┌─ Data
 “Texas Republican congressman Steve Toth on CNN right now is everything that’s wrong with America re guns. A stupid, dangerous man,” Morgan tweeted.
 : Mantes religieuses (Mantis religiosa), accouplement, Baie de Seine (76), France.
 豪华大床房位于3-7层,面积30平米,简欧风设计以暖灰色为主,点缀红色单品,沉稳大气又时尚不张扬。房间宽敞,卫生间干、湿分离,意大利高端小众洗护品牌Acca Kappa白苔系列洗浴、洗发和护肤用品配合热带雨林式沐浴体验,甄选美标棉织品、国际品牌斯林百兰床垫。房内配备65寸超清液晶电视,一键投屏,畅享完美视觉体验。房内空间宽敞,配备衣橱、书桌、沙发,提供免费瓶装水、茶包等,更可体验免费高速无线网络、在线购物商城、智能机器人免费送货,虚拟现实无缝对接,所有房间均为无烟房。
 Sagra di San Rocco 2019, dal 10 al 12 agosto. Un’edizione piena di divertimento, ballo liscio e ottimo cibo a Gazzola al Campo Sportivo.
└─
┌─ Data
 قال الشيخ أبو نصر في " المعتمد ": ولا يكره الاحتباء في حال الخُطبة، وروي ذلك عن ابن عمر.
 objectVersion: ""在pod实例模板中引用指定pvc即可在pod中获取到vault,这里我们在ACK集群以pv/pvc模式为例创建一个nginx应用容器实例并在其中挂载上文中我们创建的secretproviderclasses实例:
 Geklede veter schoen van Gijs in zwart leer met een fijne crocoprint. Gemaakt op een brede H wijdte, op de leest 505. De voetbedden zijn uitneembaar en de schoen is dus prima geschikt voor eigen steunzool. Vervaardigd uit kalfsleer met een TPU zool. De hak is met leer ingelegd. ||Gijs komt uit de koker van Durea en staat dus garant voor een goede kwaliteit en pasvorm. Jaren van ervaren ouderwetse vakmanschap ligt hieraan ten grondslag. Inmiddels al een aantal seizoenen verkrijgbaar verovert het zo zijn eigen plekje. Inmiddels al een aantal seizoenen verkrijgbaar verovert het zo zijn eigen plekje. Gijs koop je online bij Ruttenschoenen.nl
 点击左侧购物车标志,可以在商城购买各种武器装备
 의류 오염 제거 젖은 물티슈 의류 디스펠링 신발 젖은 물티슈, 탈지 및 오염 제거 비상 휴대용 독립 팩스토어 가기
└─
Your task: Above are the records; copy exactly the lines from the line with "Republican congressman Steve" through the line with "Sagra di San", both included.

Answer to this task:
 “Texas Republican congressman Steve Toth on CNN right now is everything that’s wrong with America re guns. A stupid, dangerous man,” Morgan tweeted.
 : Mantes religieuses (Mantis religiosa), accouplement, Baie de Seine (76), France.
 豪华大床房位于3-7层,面积30平米,简欧风设计以暖灰色为主,点缀红色单品,沉稳大气又时尚不张扬。房间宽敞,卫生间干、湿分离,意大利高端小众洗护品牌Acca Kappa白苔系列洗浴、洗发和护肤用品配合热带雨林式沐浴体验,甄选美标棉织品、国际品牌斯林百兰床垫。房内配备65寸超清液晶电视,一键投屏,畅享完美视觉体验。房内空间宽敞,配备衣橱、书桌、沙发,提供免费瓶装水、茶包等,更可体验免费高速无线网络、在线购物商城、智能机器人免费送货,虚拟现实无缝对接,所有房间均为无烟房。
 Sagra di San Rocco 2019, dal 10 al 12 agosto. Un’edizione piena di divertimento, ballo liscio e ottimo cibo a Gazzola al Campo Sportivo.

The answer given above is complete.